(Your assignment)
The line containing "Black shiny sequins" marks the end: copy exactly every line from the start of the records below up to and including it, leaving out pictures.

(Stored items from a collection)
--------

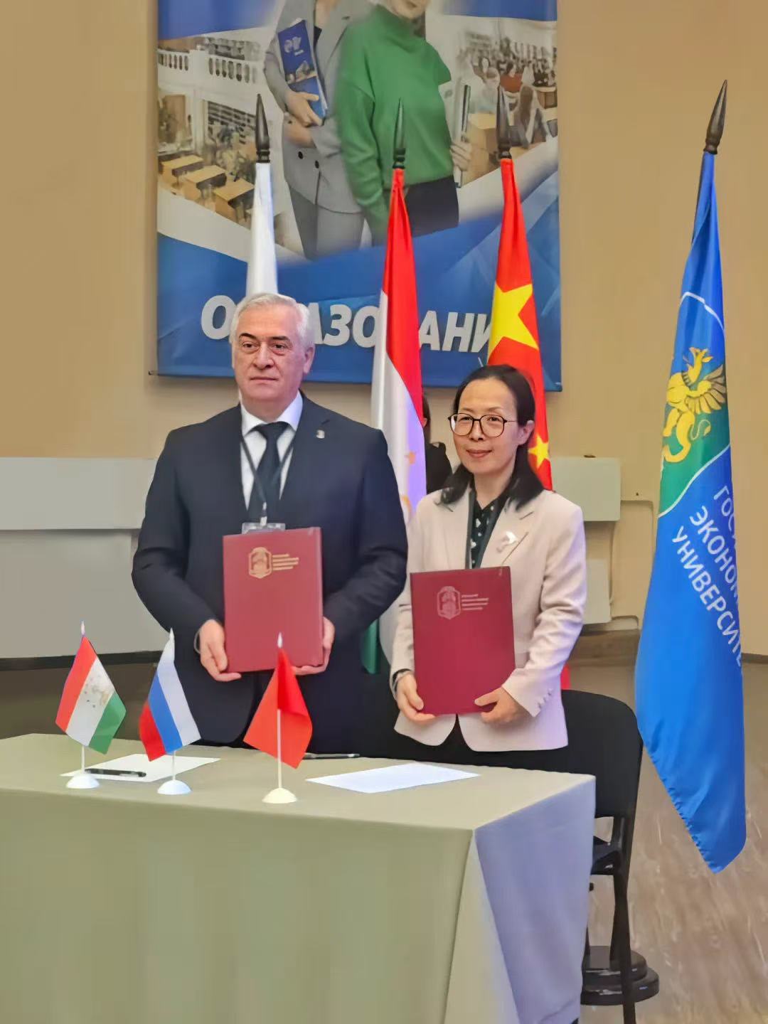 论坛首日,王义宁校长与乌拉尔国立经济大学校长、俄罗斯自由经济学会乌拉尔分会会长、叶卡捷琳堡公共商会主席雅科夫·希林教授,在“平等对话——大使、领事与青年学生交流会”上,共同签署《欧博abg游戏登录入口与乌拉尔国立经济大学教育合作协议》。双方就拓展国际交换生规模、联合开发高影响力学术课程等方面达成深度共识,标志着两校合作迈入全方位、多维度战略新阶段。
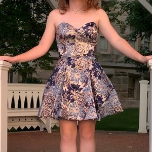This dress has only been worn once and is in perfect condition. I wore if for my senior homecoming but it can be worn for other formal occasions as well. It is a stunning dress full of golds and blues and it even comes with pockets! It is a size one and fits like a glove! It is strapless but has two mini straps for hanging in the closet. This dress is a perfect formal dress!
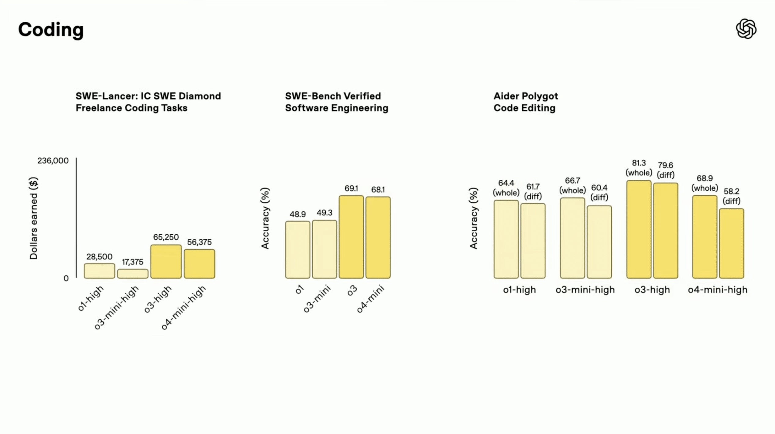 ソフトウェア開発課題(SWE-Bench Verified)やフリーランスのコーディングタスクシミュレーション(SWE-Lancer)、コード編集タスク(Aider Polyglot)など、コーディング関連のベンチマークでも高い性能を示しています。特にo3は、複雑なソフトウェアエンジニアリングタスクにおいて、既存のSOTAに匹敵するか、それを上回る結果を出しているようです。
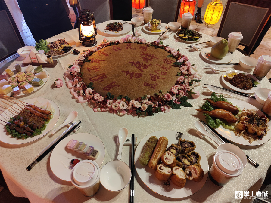 随着“两岸共明月 · 圆桌家宴”篇章的开启,活动进入高潮。各位摊主纷纷端上自己的拿手小吃,从台湾特色小吃到云南特色月饼,琳琅满目地摆放在三张大圆桌上,构成了一席丰盛而别具意义的“团圆家宴”。陈启展介绍,这次是几十位台商青年首次在昆明共度中秋,所以他们举办了一场特别的中秋家宴。各位台商都带来了各自的拿手美食,大家既兴奋能在昆明过节,也高兴能通过地道台湾小吃展现家乡风味。
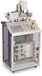 A workpiece carrier with the bottom part of a workpiece is placed on the conveyor belt. The drilling and cutting station has a controllable cutting head which reams out the internal contour of the workpiece section. The cutting head can be moved in three axes in order to work on the component. Afterwards the workpiece carrier with its workpiece is moved to the end of the conveyor belt to be passed on to the next sub-system.
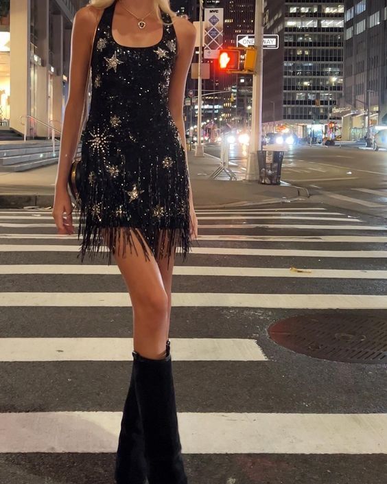 Black shiny sequins short homecoming dress birthday cocktail party dress nv4659
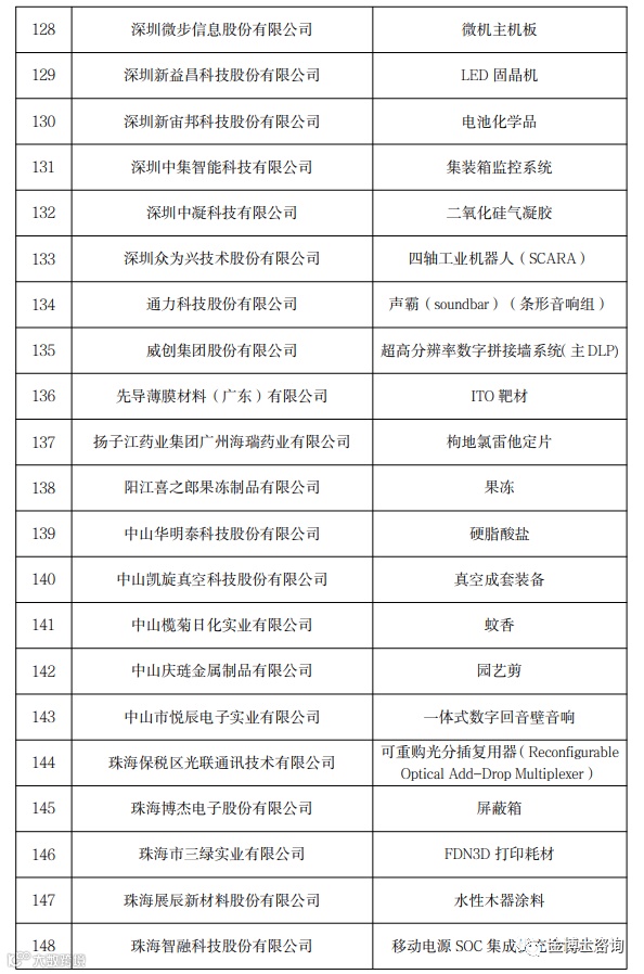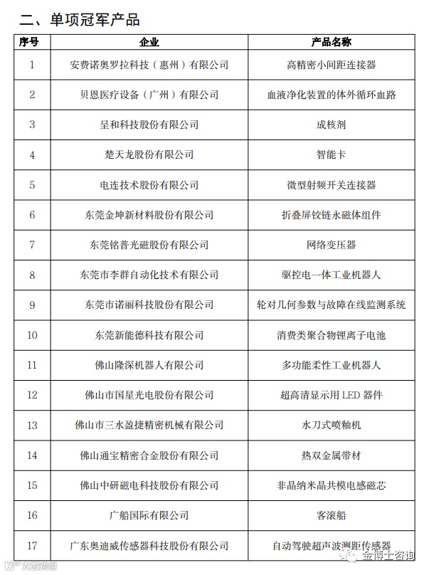 为贯彻落实《广东省工业和信息化厅关于印发〈广东省制造业单项冠军遴选管理办法〉的通知》(粤工信规字〔2022〕5号)和《广东省工业和信息化厅关于开展2022年省级制造业单项冠军企业(产品)培育遴选工作的通知》(粤工信规划政策函〔2022〕41号),广东省工业和信息化厅组织开展了2022年省级制造业单项冠军企业(产品)遴选工作,目前相关审核已完成。现将我省通过审核的企业名单予以公示(详见附件)。

--------

(Response box)
 论坛首日,王义宁校长与乌拉尔国立经济大学校长、俄罗斯自由经济学会乌拉尔分会会长、叶卡捷琳堡公共商会主席雅科夫·希林教授,在“平等对话——大使、领事与青年学生交流会”上,共同签署《欧博abg游戏登录入口与乌拉尔国立经济大学教育合作协议》。双方就拓展国际交换生规模、联合开发高影响力学术课程等方面达成深度共识,标志着两校合作迈入全方位、多维度战略新阶段。
This dress has only been worn once and is in perfect condition. I wore if for my senior homecoming but it can be worn for other formal occasions as well. It is a stunning dress full of golds and blues and it even comes with pockets! It is a size one and fits like a glove! It is strapless but has two mini straps for hanging in the closet. This dress is a perfect formal dress!
 ソフトウェア開発課題(SWE-Bench Verified)やフリーランスのコーディングタスクシミュレーション(SWE-Lancer)、コード編集タスク(Aider Polyglot)など、コーディング関連のベンチマークでも高い性能を示しています。特にo3は、複雑なソフトウェアエンジニアリングタスクにおいて、既存のSOTAに匹敵するか、それを上回る結果を出しているようです。
 随着“两岸共明月 · 圆桌家宴”篇章的开启,活动进入高潮。各位摊主纷纷端上自己的拿手小吃,从台湾特色小吃到云南特色月饼,琳琅满目地摆放在三张大圆桌上,构成了一席丰盛而别具意义的“团圆家宴”。陈启展介绍,这次是几十位台商青年首次在昆明共度中秋,所以他们举办了一场特别的中秋家宴。各位台商都带来了各自的拿手美食,大家既兴奋能在昆明过节,也高兴能通过地道台湾小吃展现家乡风味。
 A workpiece carrier with the bottom part of a workpiece is placed on the conveyor belt. The drilling and cutting station has a controllable cutting head which reams out the internal contour of the workpiece section. The cutting head can be moved in three axes in order to work on the component. Afterwards the workpiece carrier with its workpiece is moved to the end of the conveyor belt to be passed on to the next sub-system.
 Black shiny sequins short homecoming dress birthday cocktail party dress nv4659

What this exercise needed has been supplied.